A few years ago, Hayman came across Marcus Stroman’s “Height Doesn’t Measure Heart,” a trademarked slogan for the Blue Jays’ 5-foot-8 pitcher who is his favorite player. He begged his mom to let him get the HDMH acronym tattooed on his left arm and after she conceded, his dad signed the OK for him to do it. Hayman had baseball stitches added to the hand-made design, which is a daily reminder to him.

“I live by that every day,” he said. “All the little kids coming up who are going to be small, I want them to see height doesn’t measure heart. You can do whatever you want, you just have to work at it.”

Wolves coach Phil Mason absolutely loves it.

“The neat thing about Bryce is he’s a real competitor. He wants to win and gives everything he’s got,” Mason said. “You couldn’t ask for a better kid at the quarterback position. He’s easy to coach. He takes responsibility for his mistakes. All the intangibles overcome the physical attribute, which is his height.”

A QB prior to last season, when he moved to receiver, Hayman wasn’t a shoe-in to start this year. Beau Lombardi, the 6-foot-2, 200-pound son of Wolves assistant Tony Lombardi, practiced with M.C. in the summer and Hayman quietly accepted his role as a slot and a backup signal-caller.

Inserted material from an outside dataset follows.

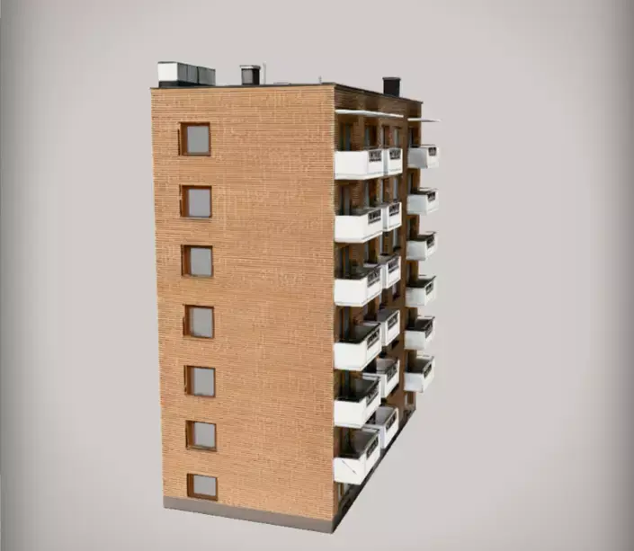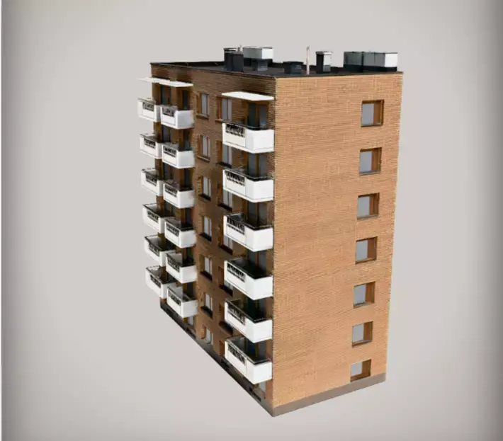 A professionally designed, high-poly 3D model of a modern residential apartment building. This model features contemporary architectural elements, including large balcony windows, sleek structural lines, and a realistic exterior facade. It is optimized with 2K resolution PBR textures, making it ideal for high-quality architectural visualizations where performance and detail must be balanced.

“He didn’t bat an eye,” Mason said. “He was like, just put me somewhere, I’ll contribute, I’ll make plays.”

When the younger Lombardi decided to go back to school in West Des Moines, Iowa, the job was Hayman’s.

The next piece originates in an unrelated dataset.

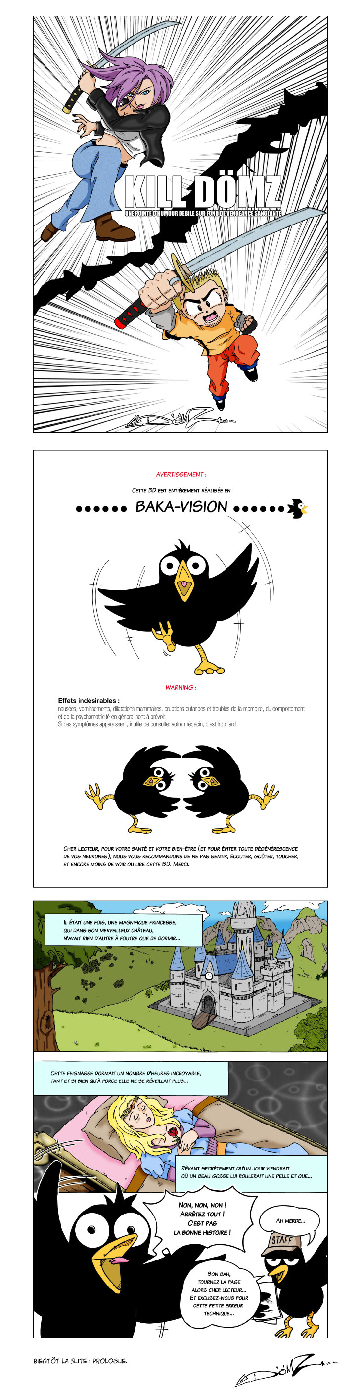 Voilà on y va ! C'est parti ! Bon, vous allez me dire un truc du genre : "bah dis donc, c'est léger". Alors oui, c'est vrai, mais que voulez-vous, les conneries arrivent souvent au dernier moment. Malgré que ces pages soient faites depuis quelque temps déjà, cette intro n'était pas prévue à la base... Bon, quoi qu'il en soit, j'espère ne pas trop vous faire attendre pour la suite. Et en attendant soyez sages !

“I was happy for Bryce,” Mason said. “He deserved the opportunity.”

Not that it’s been a piece of cake. Hayman’s height can be an issue against tall defensive linemen, as it was versus Valpo, which knocked down several of his passes in a 14-7 Wolves loss.

“People asked me, are you looking at somebody else?” Mason said. “I said, no way. I’ve been lucky as a high school coach to have some great quarterbacks, some unique quarterbacks. It makes scheming a lot of fun.”

Actually listed at 5-9, Hayman is quick and elusive, a skill set he’s developed through speed training, footwork drills and weight lifting.

“I never grew,” he said. “All I did was pack on muscle. I’ve gotten a lot faster.

He’s dangerous on the move, in the read option and on the scramble, but he can function in the pocket, too.

“The Valpo game, I could hear people in the stands, he’s too short. It kind of made me mad, but I just came out the next week and worked as hard as I could,” he said. “The coaches are trying to have me get rid of the ball as quick as I can. The longer I wait, obviously the more time they have to come get me. It’s making better reads, finding certain windows. I just have to execute. It’s gone pretty good. There are still some things I need to get used to, like the speed of the game, some of the reads.”

Hayman will play baseball at Heartland Community College, a two-year school in Illinois, with hopes of jumping to a D-I eventually, like former City star Logan Kaletha, who took that route to get to IU.

“Baseball’s his first sport, but he’s a kid who wants to be a high school athlete,” Mason said. “He’s a great player.”

As the season moves on, Mason expects to feature Hayman more in the running game. He just doesn’t want him to be taking too many cringe-worthy hits, the likes of which he’s already absorbed a few times.

“He’s a quick out-of-the-pocket guy who if he doesn’t see a read right away, he’s OK with diving into a gap and getting three, five yards,” Mason said. “As tough as he is, I just have to remember what he is. I just can’t put him in situations where he’s susceptible to something.”

For all the criticism Hayman’s heard about his stature, it’s still clear in talking to him that no one will ever be harder on him than himself.

“I put a lot on me,” he said. “That’s just how I am. It’s kind of hard to stop that. I think we’ll be fine. We’ve got some cats. These guys love me and I love them to death. That’s all that matters.”